Nice problems to have: Merricks v Mastercard and the mechanics of large group actions
Merricks -v- Mastercard has been given the green light, heralding a new age for UK class actions. But if Merricks wins, somebody will have to distribute billions of pounds in damages to tens of millions of people. How is that possible? FinLegal's Steve Shinn has the solution
It is official: the UK Competition Appeal Tribunal (CAT) has agreed to hear Merricks -v- Mastercard, a lawsuit that is set to be Britain's biggest-ever class action lawsuit.
The new news is that, on August 18, the CAT formally 'certified' the case. That means it has agreed to hear it. It hasn't set a date but, unless there is a settlement, it is fair to assume that there will be a hearing and a judgment.
The case is being brought by former financial ombudsman Walter Merricks. He claims that Mastercard's interchange fees, charged to retailers for card use and often passed on to customers in increased prices, broke EU law.
He's claiming around £10 billion on behalf of all individuals aged 16 or over who bought goods and services from a UK business that accepted Mastercard between 1992 and 2008. That's around 46 million people. The UK adult population is around 55 million. To put it in further perspective, to date around 43 million people in the UK have been fully vaccinated against Covid.

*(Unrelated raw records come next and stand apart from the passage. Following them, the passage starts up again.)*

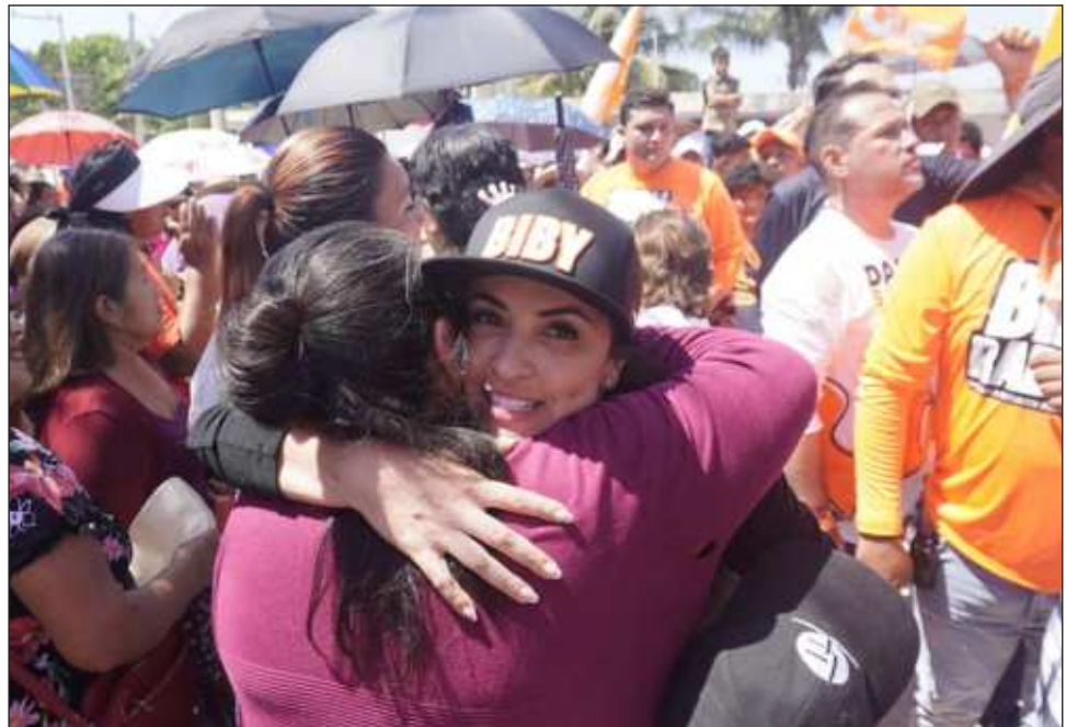
▲ Hasta ahora Rabelo de la Torre no ha dado postura respecto a la invitación de Farfán.

En el lado de Jamile Moguel Coyoc, candidata morenista, ha destacado entre
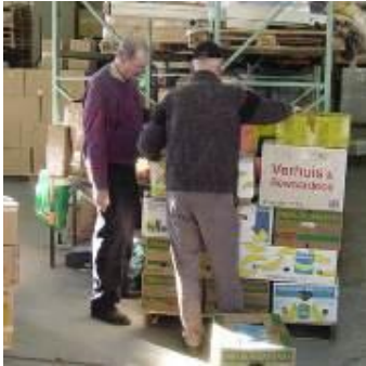
Opslag van kleine dozen tot grote voertuigen.

Aan N.G.O.'s en zendings- en missionaire organisaties worden bij de Baanderij faciliteiten geboden voor opslag, inpakken, transporten papierwerk rondom hulpactiviteiten.
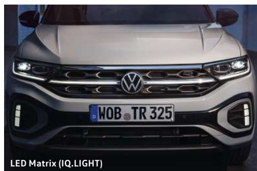
LED Matrix (IQ.LIGHT)

Zelfs in het donker is de T-Roc een opvallende verschijning. De IQ.LIGHT LED Matrix koplampverlichting zorgt er namelijk voor dat jij niet te missen bent en altijd optimaal zicht hebt. Zonder andere weggebruikers te verblinden. Daar zorgt de Dynamische grootlichtassistent 'Dynamic Light Assist' voor.
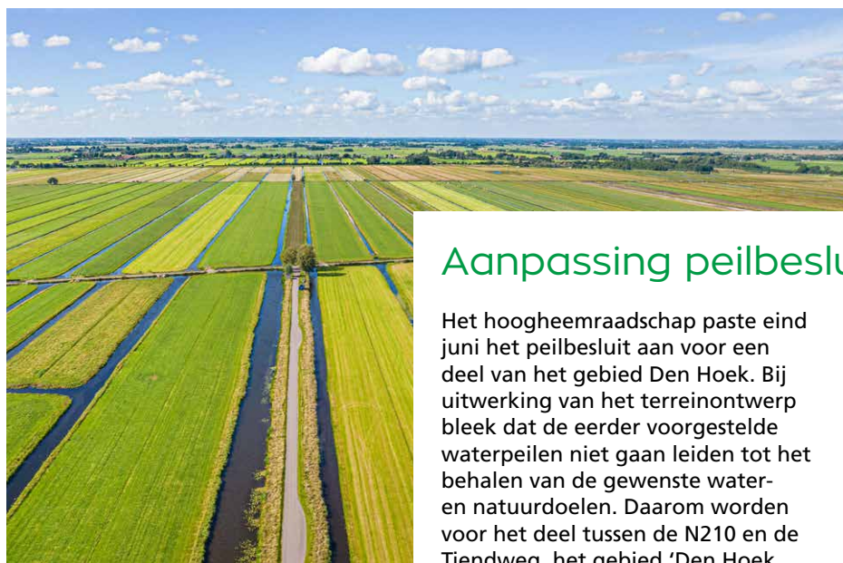
Den Hoek vanuit de lucht (Stephan Tellier)
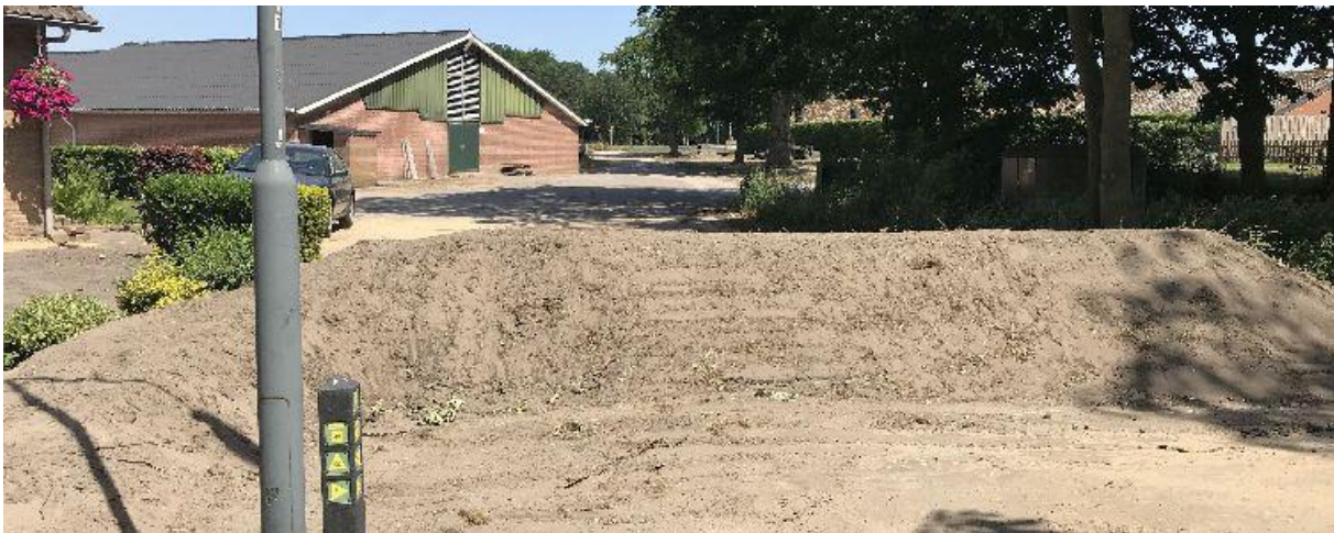
Om de bedrijfsgebouwen in het Hoogeind is een omleiding voorzien.
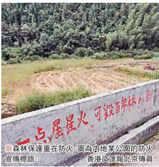
森林保護重在防火。圖為內地某公園的防火宣傳標語。

上，她分享了郴州的經驗和方法，並建議全省可探索建立山林責任制，「共識聚起來，建立良好機制；責任明起來，解決瓶頸制約；措施實起來，強化保障服務」。
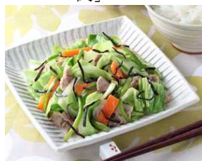
「ふじっ子入り 野菜炒め」
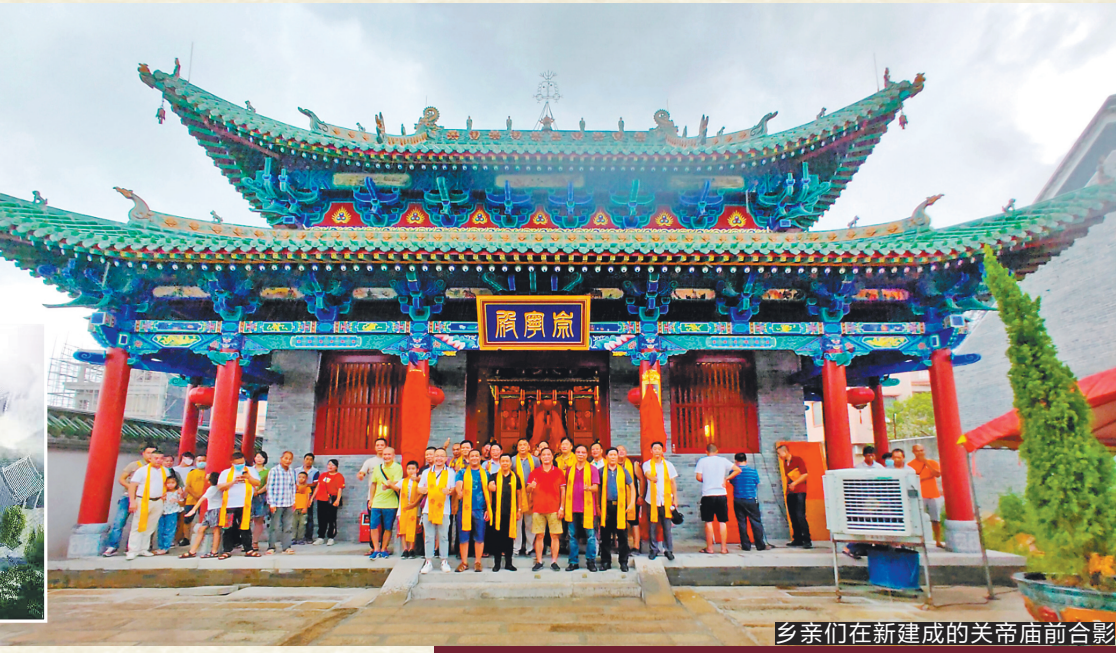
乡亲们在新建成的关帝庙前合影

2019年9月10日九江关帝庙奠基，建筑为完全按古法的木构架结构体系，结构严谨而精巧。该建筑物斗拱用以承托梁头、枋头，也用于构架的节点上，还用于外檐支撑出檐的重量，而出檐的深度越广，斗拱的层数也越多。在古建筑中，斗拱具有结构和装饰的双重作用，古时以斗拱层数的多少来表示建筑物等级的标准。建筑属中国古建筑中的最高形制——庑殿，这种建筑形式常用于宫殿、坛庙一类的皇家建筑，这种特殊地位决定了它用材硕大，体量雄伟，装饰华贵富丽，具有较高的文化价值和艺术价值。
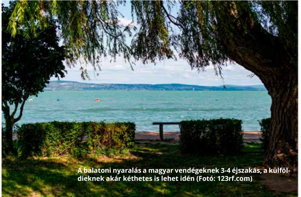
A balatoni nyaralás a magyar vendégeknek 3-4 éjszakás, a külföldieknek akár kéthetes is lehet idén

A balatoni, turisztikai vállalkozóknak is hozzá kell szokni, hogy a globális piaci helyzet az eddigieknél gyorsabban változik, ennek hatása pedig a korábbiaknál gyorsabban gyűrűzik be a tópart turizmusába is – fogal-
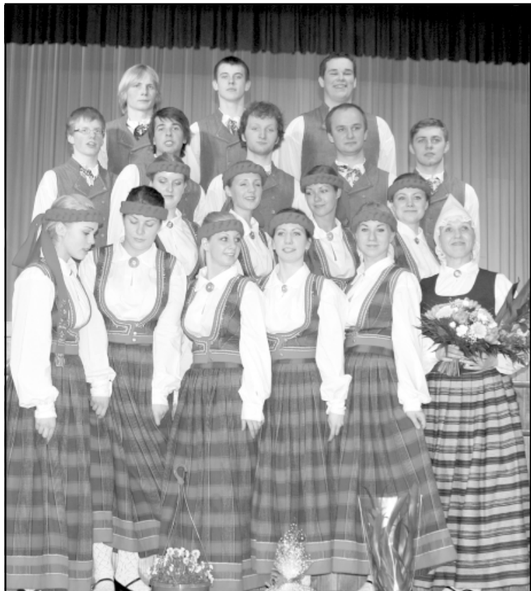
Randas dalībnieki ir priecīgi un apmierināti – tik daudz labu draugu sabraukuši Salacgrīvā

Aprīļa sākumā Salacgrīvas kultūras namā tradicionālajās Lustes dienās pulcējās vidējās paaudzes un jauniešu deju kolektīvi teju no visas Vidzemes - deju kolektīva Randa draugi, ar kuriem izveidojusies cieša sadarbība jau vairāku gadu garumā. Jautrajai draugu kopai piepulcējās arvien jauni kolektīvi no visas Latvijas.
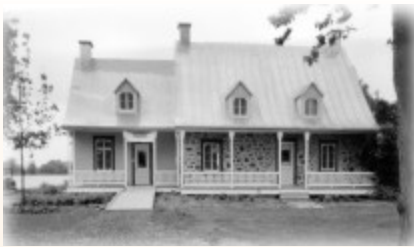
La maison Beaudry

Ce n'est qu'avec l'arrivée du tramway, en 1897, que la paroisse de l'Enfant-Jésus-de Pointe-aux-Trembles (1 299 habitants) commence à s'organiser administrativement et à se développer. Elle est incorporée en village en 1905 et en ville en 1912.
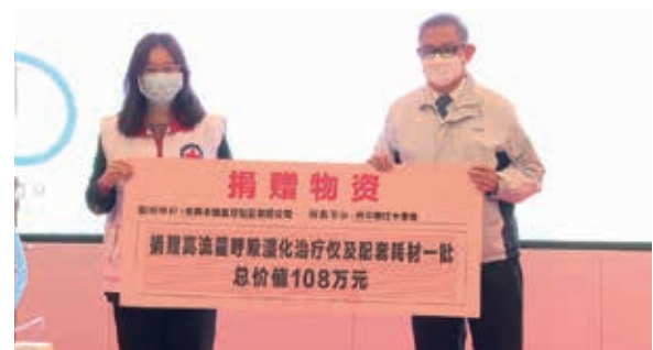
向開平市紅十字會捐贈呼吸類器械

本集團最引以為傲的是持續秉持核心價值「以患者為先」及「為更美好人生創造價值」，並通過提供優質的醫療保健，為社會做出貢獻。於報告期，本集團向開平市紅十字會捐贈醫療器械及呼吸類器械（價值約人民幣1,080,000元）。
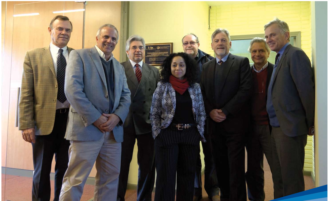
Inauguración de oficina de IRI

Las acciones prioritarias de la Unidad de Agroclima y Sistemas de información (GRAS) de INIA son promover, coordinar y ejecutar proyectos de investigación, estudios y otras actividades relativas al clima y el cambio climático, y su interacción con los sistemas de producción agropecuarios y forestales, y el desarrollo de Sistemas de Información y Soporte para la Toma de Decisiones para la gestión de riesgos asociados al clima en la producción agropecuaria.
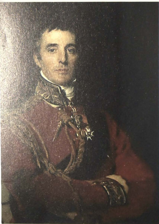
Veldmaarschalk Arthur Wellesley, hertog van Wellington, (door Thomas Lawrence)
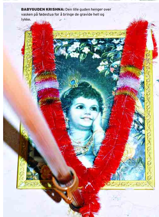
BABYGUDEN KRISHNA: Den lille guden henger over vasken på fødestua for å bringe de gravide hell og lykke.
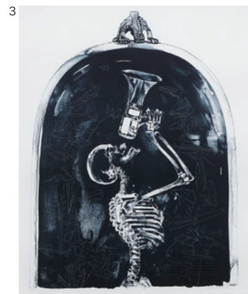
《暗がりの伝道者》2008 リトグラフ 金沢21世紀美術館蔵
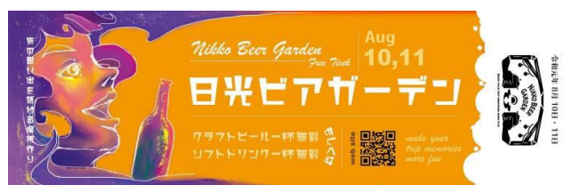
△ビール一杯無料券(イメージ)

※未成年のお客さまや、車の運転などによりお酒が飲めないお客さまは、同券を「ソフトドリンク一杯無料券」としてご利用いただけます。
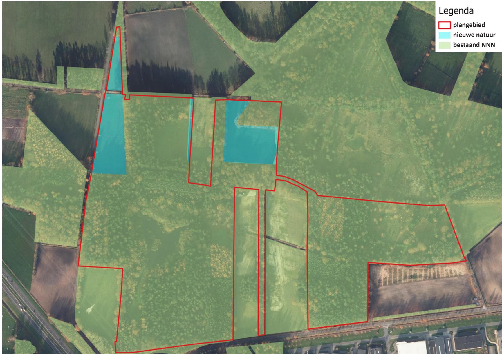
Nieuwe natuur op natuurbegraafplaats Landgoed Christinalust
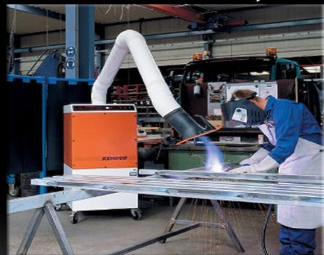
ВЫТЯЖКА СВАРОЧНЫХ ДЫМОВ
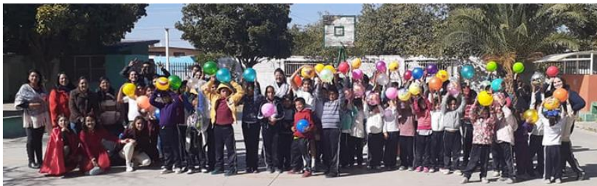
Gira de actividades culturales de los estudiantes de la UAEGP
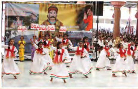
ఖమ్మం జిల్లా బాలల నృత్య సంగీత రూపకం
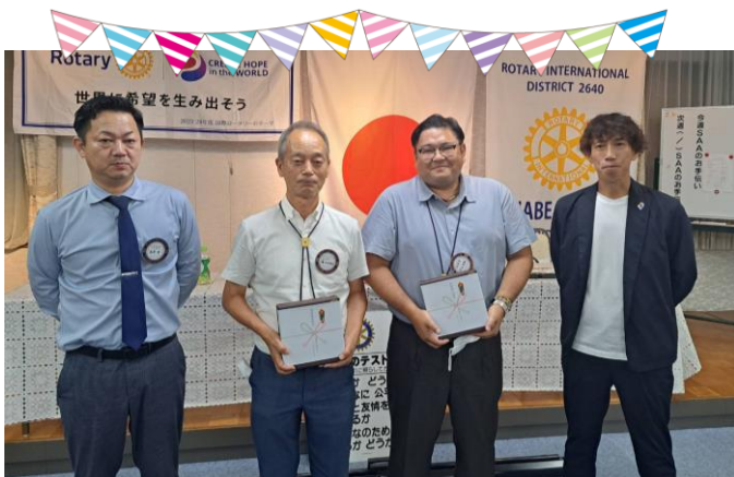
9月結婚記念日 おめでとうございます♪
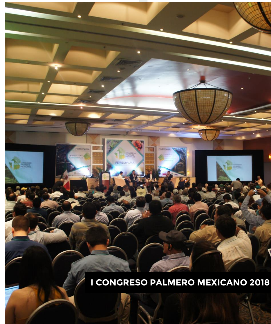
I CONGRESO PALMERO MEXICANO 2018

27 empresas expositoras nacionales e internacionales
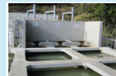
水溶性天然ガス生産設備
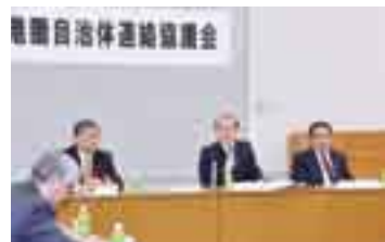
周辺自治体と協議(13日)
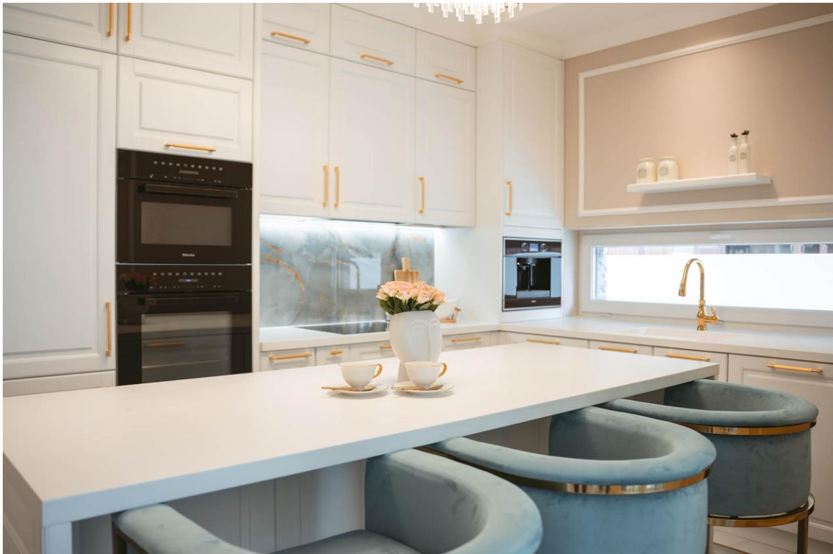
Classic Glam Kitchen

Ubicación: Oradea, Rumania - Diseño: Raluca Birta, Nicolae Mateas - Saramob Design - Fabricación: Saramob Design - Proveedor de HIMACS: Atvanguard Romania - Material: HIMACS S028 Alpine White
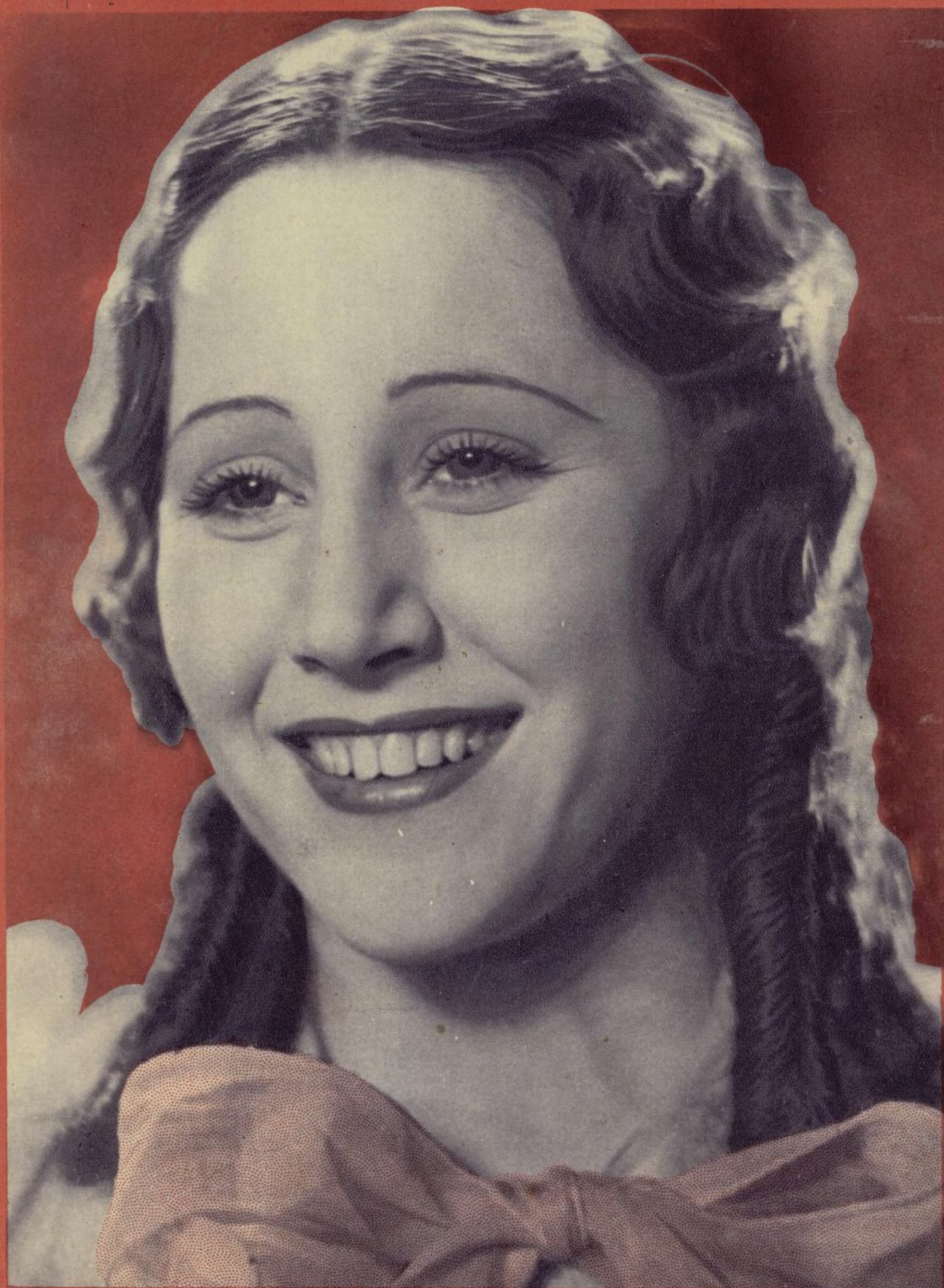
Ayuntamiento de Madrid Raquel Rodrigo protagonista de la película española «Doña Francisquita»
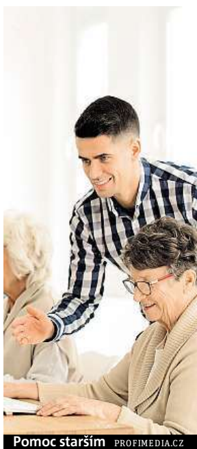
Pomoc starším

Ochota a chuť pomáhat není mládeži ve Zlínském kraji vlastní. Podle průzkumu, který pro Nadaci O 2 zpracovala agentura Ipsos, si to myslí drtivá většina místních nad 30 let. Ti se domnívají, že mladí svůj volný čas tráví nejraději u počítače nebo návštěvou kavárny či baru. Podle zástupců mladší generace je ale pravda úplně jinde. Jejich aktivní pomoc komunitě potvrzují i veřejně prospěšné projekty, které Nadace O 2 v kraji podpoří-
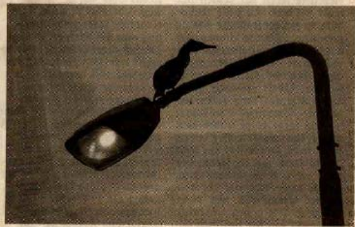
Een aalscholver op zijn hoge uitkijkpost.
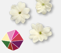
Jasmine Blossom aromatisch, Jasmin
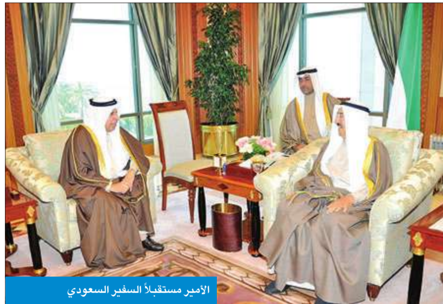
الأمير مستقبلاً السفير السعودي

تسلم سمو أمير البلاء الشيخ صباح الأحمد رسالة خطية من خادم الحرمين الشريفين الملك سلمان بن عبدالعزيز آل سعود ملك المملكة العربية السعودية الشقيقة تتعلق بالعلاقات الأخوية المتميزة، التي تربط بين البلدين والشعبين الشقيقين، وآخر المستجدات على الساحتين الإقليمية والدولية. وتلقى الرسالة لسمو الأمير، سفير السعودية في الكويت د. عبدالعزيز الفاييز لدى استقبال سموه له في قصر السيف صباح أمس. واستقبل سموه بقصر السيف، ظهر أمس، أهالي المعتقلين الكويتيين في غوانتانامو، حيث أعرب رئيس اللجنة الشعبية للدفاع عن المعتقلين الكويتيين السابقين في غوانتانامو خالد العودة عن فخره وسعادته ببقاء سمو أمير البلاء مؤكداً أنه بفضل احتضان سموه لقضية المعتقلين في غوانتانامو وتوجيهات سموه الدائمة "تمكنا من استعادة ابنائنا". وقال العودة: "تشرفنا ببقاء
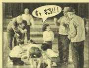
中町小学校 ひとコマ

参加された老人クラブや女性会のみなさんも、『昔あそび』から『昔話』に花が咲き、その楽しさを子どもたちに伝えることで、普段の生活では体験できない、違った角度からの知恵や知識『生きていく力』が身につけられるかもしれませんね。
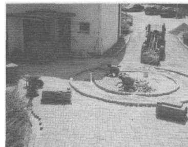
Pflasterer bei der Arbeit
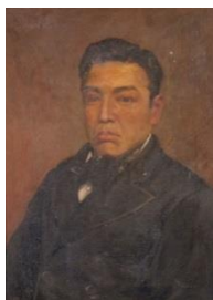
三島通庸の肖像画

And if Merricks wins, Merricks' representatives will be given the daunting job of contacting all of them, checking their identities, working out how much they are owed, and paying them out, while weeding out fraudulent claims.
They will also have to satisfy the courts and Mastercard's lawyers that it is all being done correctly.
And it will all probably have to be set up and managed by a firm of solicitors.
It is an inevitable problem that will come with all successful group actions. How do you go about doing it? It's not something that gets taught on the LPC.
The traditional way of distributing the damages is to advertise and set up a call centre. Call handlers then take the details of potential claimants, ask them to email or send in documents, check them out, and pass on successful claims to be processed by a finance function.
This is a major, and costly, operation. But a necessary one, as distributing damages is, of course, the ultimate objective of a group action lawsuit.
The good news is that it really doesn't have to be this hard. FinLegal has a solution that can make this process much less time consuming, much easier to manage, and much more cost effective
Management by exception
Our class action claims automation platform has been designed to handle situations such as this.
We tailor the portal for each lawsuit. Potential claimants then access the platform via a web site. Once logged in, their whole experience will be automated.
The software asks them questions, gets data from them, and processes it, using artificial intelligence. In most cases, the software will be able to guide a claimant from onboarding to payment.
However, if there are any problems or ambiguities, the software will flag them to a human claims manager, who will take over.
I call this process 'management by exception' because human management is only needed in exceptional cases.
Using the call centre model, human management is needed in all cases. That means at least 25 minutes of human interaction per claim. If there are millions of claimants, you are going to need a rather large call centre filled with claims handlers.
The costs of the call centre alone are likely to be many times more than the legal fees.
Using the management-by-exception software model, around three quarters of the claims will go through without the need for any human help. That reduces call centre costs by 75%.
Meaning that, for the law firm running the case, cost-per-claim will drop dramatically.
Access to justice
The economic case is clear. There is also an access to justice case for using the software: it makes group actions more viable.
To be clear: the cost of the call centre won't be paid for by the lawyers. It will come out of the damages pot, reducing the amount of money available to claimants.
Anybody who has been following the judgements in Merricks as it has gone from the CAT to the Supreme Court will be aware that the judges are keen to ensure that any group action that gets certified is viable.
They are very keen to ensure that the purpose of the case is to compensate claimants, not enrich lawyers. A case that is so expensive to run that it leaves claimants with very little left may not get certified.
Reducing the cost-per-claim will mean more cases happen because more cases become economically viable.
And increasingly lawyers are competing for claims with the CAT deciding which firm of lawyers is best placed to run the case.
The firm that can combine the strongest legal arguments with the lowest costs is likely to be the one that wins out in the end.
In short, the management by exception model makes financial sense for law firms running the case, benefits claimants, and makes more cases viable. There is no reason that I can think of not to use it.